Timur Kulibayev, Nazarbayev's son-in-law was also accused of accumulating wealth due to his connections to the former president. For instance, his company, TenizService, secured $2.5 billion from Chevron, ExxonMobil Corp., and two partners for the construction of an offloading facility, a major infrastructure project for transporting oil from the Caspian Sea's northern coast to a Russian seaport. TenizService's anchored its pitch on its "good relations" with the government, promising quick processing for a complex project that required the approval of no less than 170 officials across 46 Kazakh entities, ranging from local water officials to the Ministry of Transport.

There is also the case of the Qalbatau-Maiqapshaghai Road Project scandal, which involved the embezzlement of around $44 million allocated for the construction of a 415-kilometer highway linking Qalbatau and Maiqapshaghai in East Kazakhstan. Misappropriation of funds resulted in the highway's partial completion, with only half of the planned road constructed. The project was awarded to QazGerStroi, a subcontractor affiliated with entities owned by Qairat Satybaldy, who is Nazarbayev’s eldest nephew. Satybaldy was found guilty of fraud and embezzlement in 2022 and was jailed for six years.

==Anti-corruption measures==
In an effort to mitigate systemic corruption and enhance transparency, Kazakhstan has instituted various anti-corruption measures, including the creation of the Anti-Corruption Agency, which is tasked with investigating corruption and recovering misappropriated assets. However, progress is impeded by persistent deficiencies in judicial independence and governmental transparency. This was highlighted in a report by the Council of Europe released in 2022. Furthermore, state control of the Kazakh media restricts public scrutiny and accountability, thereby exacerbating the challenges in combating corruption.

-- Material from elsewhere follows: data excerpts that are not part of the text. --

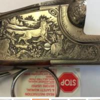 Tres jolie merkel avec platines démontables style Holland Holland...canon acier bohler,crosse en jolie noyer,belles gravures de scènes de chasse ,triple verrou greener,indicateur d armement ....le fusil est en tres tres bonne état. Les chokes sont d origine demie et full .
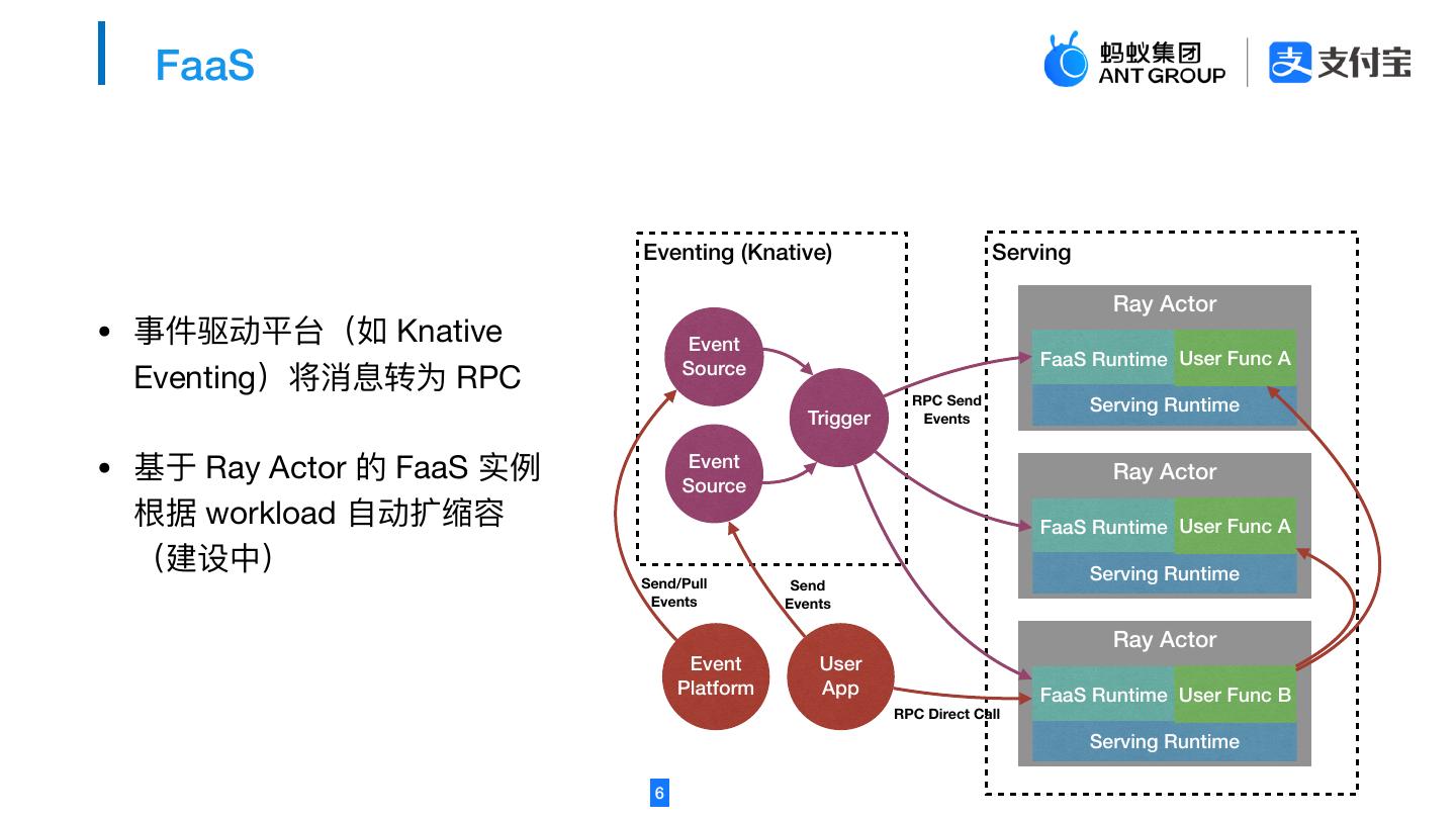 6 . FaaS Eventing (Knative) Serving Ray Actor • 事件驱动平台(如 Knative Event FaaS Runtime User Func A Source Eventing)将消息转为 RPC RPC Send Serving Runtime Trigger Events • 基于 Ray Actor 的 FaaS 实例 Event Source Ray Actor 根据 workload ⾃动扩缩容 FaaS Runtime User Func A (建设中) Serving Runtime Send/Pull Send Events Events Ray Actor Event User Platform App FaaS Runtime User Func B RPC Direct Call Serving Runtime 6
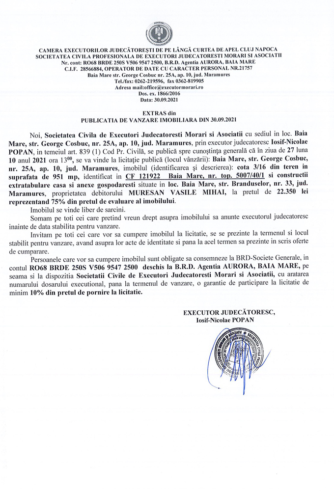Noi, Societatea Civilă Profesională de Executori Judecătorești Morari și Asociații cu sediul în loc. Baia Mare, str. George Coșbuc, nr. 25A, ap. 10, jud. Maramureș, prin executor judecătoresc Iosif-Nicolae POPAN în temeiul art. 839 (1) Cod. Pr. Civilă, se publică spre cunoștința generală că în ziua de 27 luna 10 anul 2021 ora 13.00, se va vinde la licitație publică (locul vânzării): Baia Mare, str. George Coșbuc, nr. 25A, ap. 10, jud Maramureș imobilul descris în documentul de mai jos:
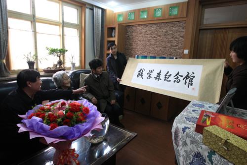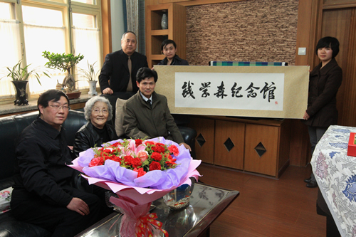 钱老之子钱永刚教授和钱老之孙钱磊少校接待了刘沪校长和师生们。
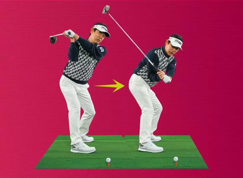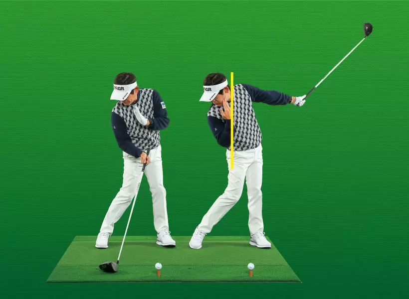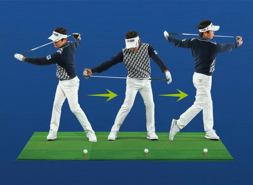 バックスイング側とフォロースルー側のカラダの回転量を均等にする感覚のスイングだ
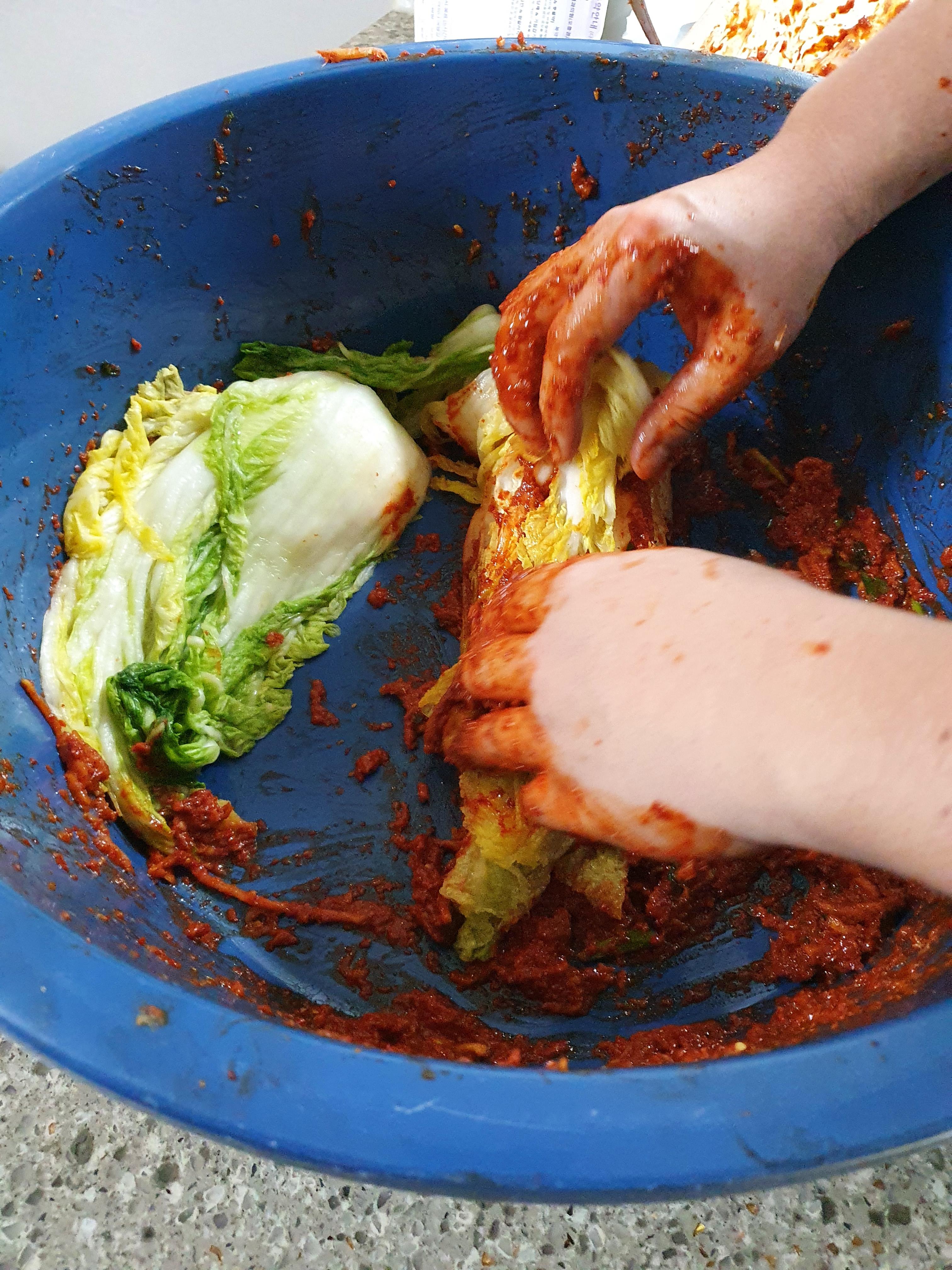생새우를 투입할 때는 새우에서 물이 생기기 때문에 간수 뺀 천일염을 조금 더 넣어주면서 간을 유지해 주어야 한다고 어머님 전화찬스로 물어본 후 , 소금 조금과 함께 투하했답니다. 양념장과 섞어 논 후에 드디어 2시간이 지나 김장 시작!
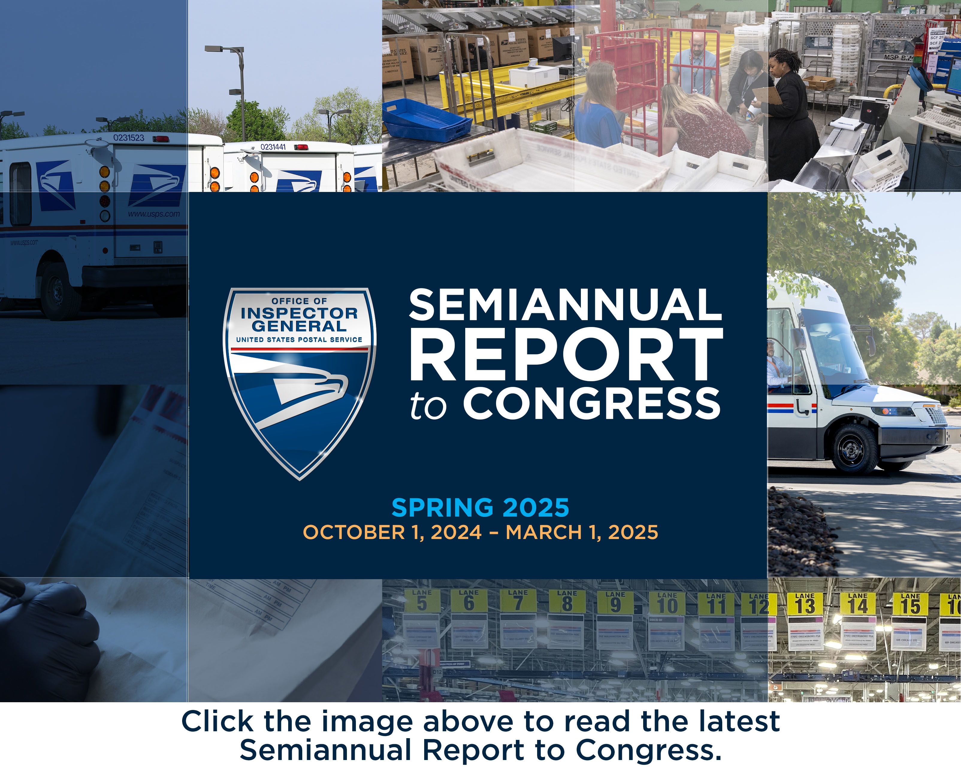 We invite you to read this latest Semiannual Report to Congress to learn more about the topics above, the challenges Postal Service management is facing, as well as our investigations into senior executives and whistleblowers who have alleged reprisals.

==Indicators of corruption==
In the 2025 Corruption Perceptions Index, Kazakhstan was scored on a scale from 0 ("highly corrupt") to 100 ("very clean") along with 182 other countries. The country with the highest score was ranked first and is perceived to have the most honest public sector. Kazakhstan was scored at 38. Kazakhstan's score of 40 in 2024 was the highest score it had received since the current version of the Corruption Perceptions Index was introduced in 2012; its lowest score was 26 in 2013. For comparison with regional scores, the best score among Eastern European and Central Asian countries (Note: Albania, Armenia, Azerbaijan, Belarus, Bosnia and Herzegovina, Georgia, Kazakhstan, Kosovo, Kyrgyzstan, Moldova, Montenegro, North Macedonia, Russia, Serbia, Tajikistan, Turkey, Turkmenistan, Ukraine, Uzbekistan) was 50, the average score was 34 and the worst score was 17. For comparison with worldwide scores, the best score was 89 (ranked 1), the average score was 42, and the worst score was 9 (ranked 181, in a two-way tie).